I will pray for you as I do for you and Kathryn each day. But In this instance, have you considered that your poetry conference challenge simply equates to a game of golf? “Swing easy,” they say. “Just. Try. Harder” never works. Perhaps take a mulligan and let your senses swing easy?
Chris, I owe you one from last week’s Stable post so this is a twofer. I see a nice symmetry between these posts.
When I feel balanced, God is properly sized (big) and in control of my heart and mind, while I am properly sized (small) and obedient. That is the soul condition I long for. Too easily, distractions, fears, worries, idols fill my mind and self becomes too big, too central. It’s as if I’m in a perfectly balanced kayak and all I can do is roll over. To right the ship, I pray for God to take these daily challenges, ask for His abundant love and care to bring me peace, and turn over navigation of the kayak to Him.
When life seems unbalanced for me, I look inward and miss a lot of life around me. You can call that not noticing I suppose, because I am too self-centered, too distracted, under water. Things are not fitting for you right now, maybe your treatments are throwing off your rhythm. Maybe all you had the ability to notice last week is that you were distracted. That’s ok. As Kris mentioned, take a mulligan, you deserve one.
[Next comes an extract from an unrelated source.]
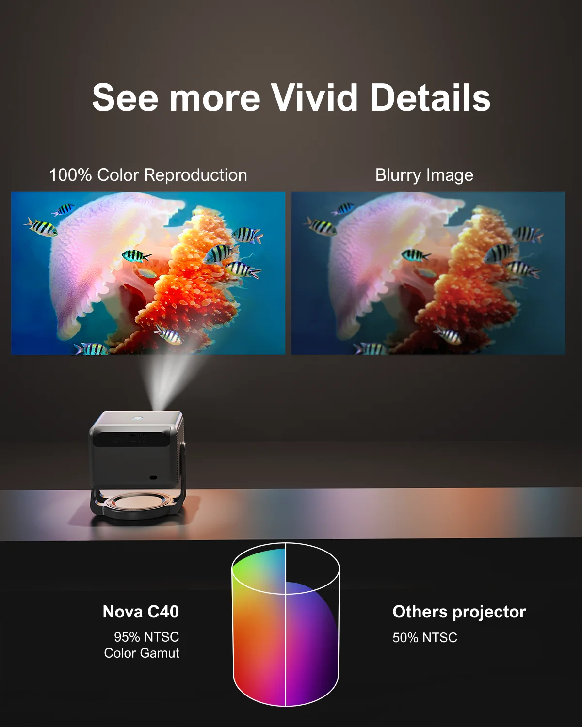 Official Android TV 11.0 Authorization: Easily stream 10,000+ apps with Android TV 11.0, including mainstream APPs like NETFLIX, HBO MAX, Hulu, Disney+, Prime Video, and more. With 2GB of RAM and 16GB of ROM, navigate effortlessly through a vast ecosystem of over 10,000 apps. 90° Gimbal Stand-free: The Nova C40 projector features an Integrated Gimbal Design, Pan (360° horizontally) and Tilt (135° vertically) with ease to find the perfect place for projection even on the ceiling. No elevation hassle—simply aim and project effortlessly. Its portable design with an EPP bag makes it even an ideal outdoor projector. Dolby Audio: Nova C40 wireless Bluetooth projector features ULTIMEA Sound bar technology for premium full-range sound. With 2*5W speakers and Dolby audio, enjoy immersive cinema-grade sound. Built-in Bluetooth 5.3 ensures fast, stable connectivity to your favorite devices. 600 ANSI Lumens: Featuring non-spherical lens technology, it eliminates color distortion and blurriness for consistent high-quality visuals from every angle. With native 1080P resolution and 4K support, enjoy lifelike images. Enhanced with HDR 10+HLG for vivid colors and realistic shadows, creating an immersive experience. Closed Optical Engine: The projector adopts a fully enclosed optical engine design, effectively preventing dust from entering the interior and ensuring stable internal light paths to enhance image quality. The 4K smart phone projector is equipped with HDMI / USB / AV / Audio ports for easy wired connections to PCs, TV sticks, Switch, and laptops.

You are an amazing noticer. Probably a class 5 rapid level noticer. You notice the intricacies of spider webs, the uniqueness of an oak leaf, lying on the ground amongst thousands of other leaves, the calls of the birds in your yard, the smell of freshly baked bread, and on and on. We are all blessed that you notice things we miss or take for granted and you write about them. That inspires me to notice. You behold the glory of God’s creation and the amazing opportunity we have to live in it. I am grateful that you share some of your thought with us.
I pray for you and Kathryn. I pray that God will bring you peace this week so that you can pray and contemplate. Lean into God’s strength friend.